Set down each line of the material that follows, exactly, with no pictures.

** Supplied information **
++++
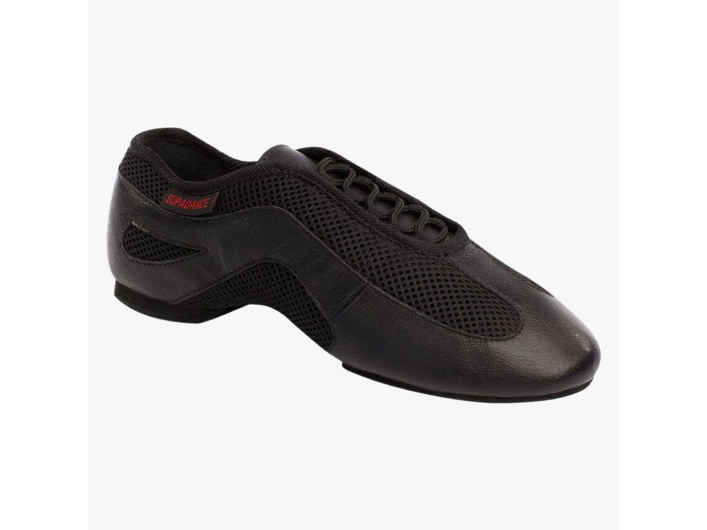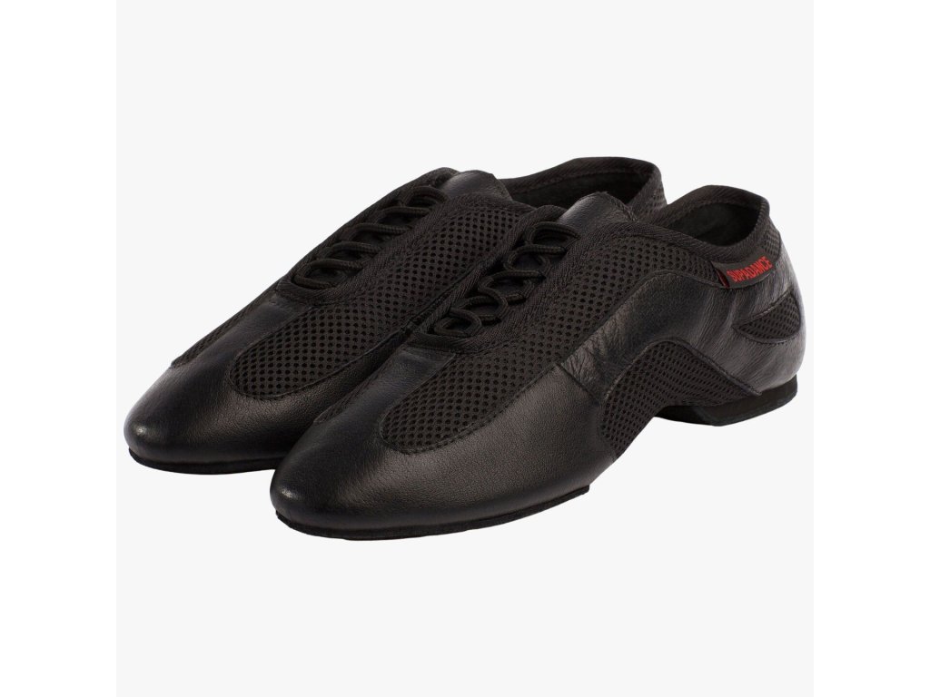 Tréninková taneční, jazzová a cvičební obuv, vyrobená z černé kůže a síťoviny, dělená podrážka. Černé kožené boty s nastavitelnými tkaničkami. Nový stylový design, velmi měkké a pružné. Prodyšné po celém svršku. Semišová dělená podrážka. Pokud máte "poloviční velikost", vždy přejděte na větší velikost
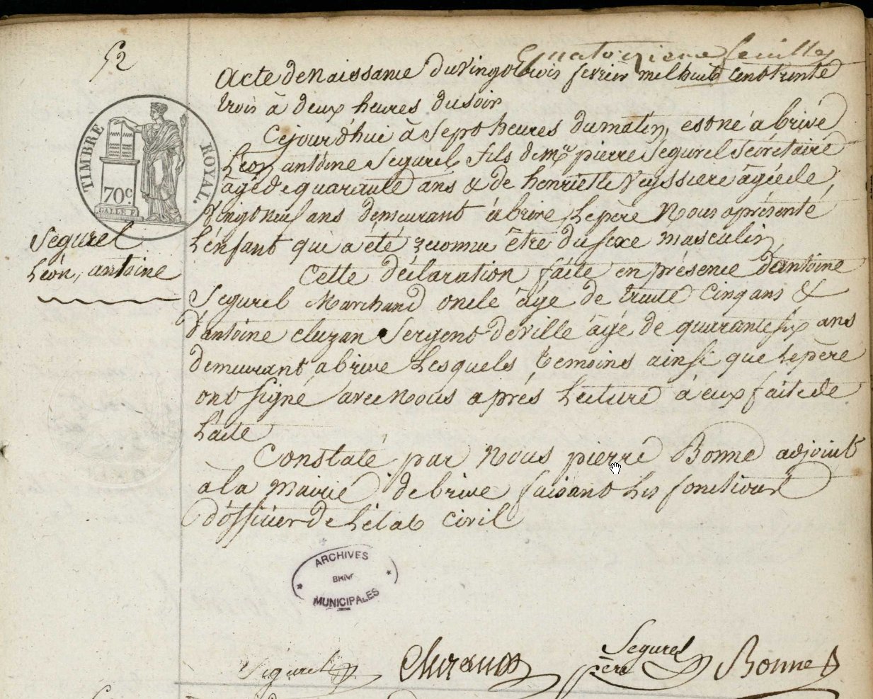 | Father | Pierre SÉGUREL, b. 5 Jan 1793, Brive-la-Gaillarde, Corrèze, France | |
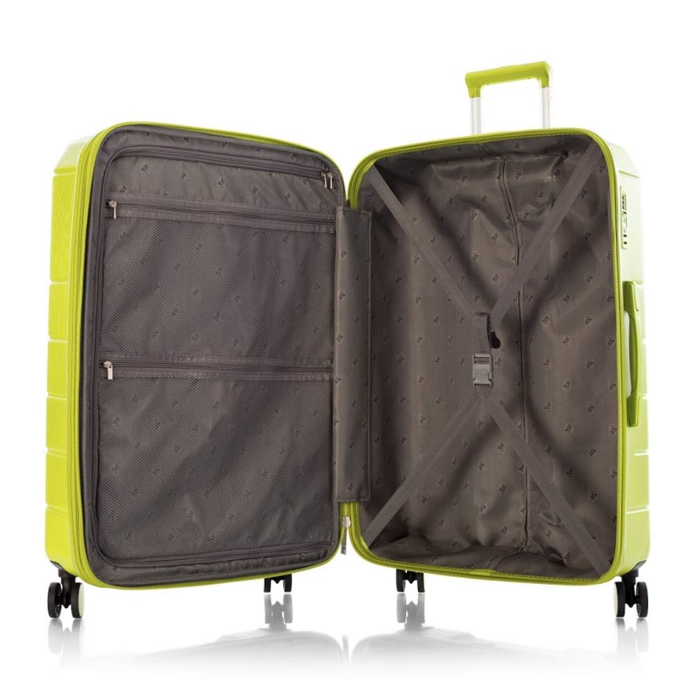 Color:Fuchsia Easily spot your luggage with this vibrant neon 21-inch carry-onspinner luggage. The Neo carry-on features a fully lined interior withzippered divider, compression straps, and large zippered pockets for maximumorganization. The luggage has 360-degree spinner wheels for easy movement.
++++
** Answer box **
 Tréninková taneční, jazzová a cvičební obuv, vyrobená z černé kůže a síťoviny, dělená podrážka. Černé kožené boty s nastavitelnými tkaničkami. Nový stylový design, velmi měkké a pružné. Prodyšné po celém svršku. Semišová dělená podrážka. Pokud máte "poloviční velikost", vždy přejděte na větší velikost
 | Father | Pierre SÉGUREL, b. 5 Jan 1793, Brive-la-Gaillarde, Corrèze, France | |
 Color:Fuchsia Easily spot your luggage with this vibrant neon 21-inch carry-onspinner luggage. The Neo carry-on features a fully lined interior withzippered divider, compression straps, and large zippered pockets for maximumorganization. The luggage has 360-degree spinner wheels for easy movement.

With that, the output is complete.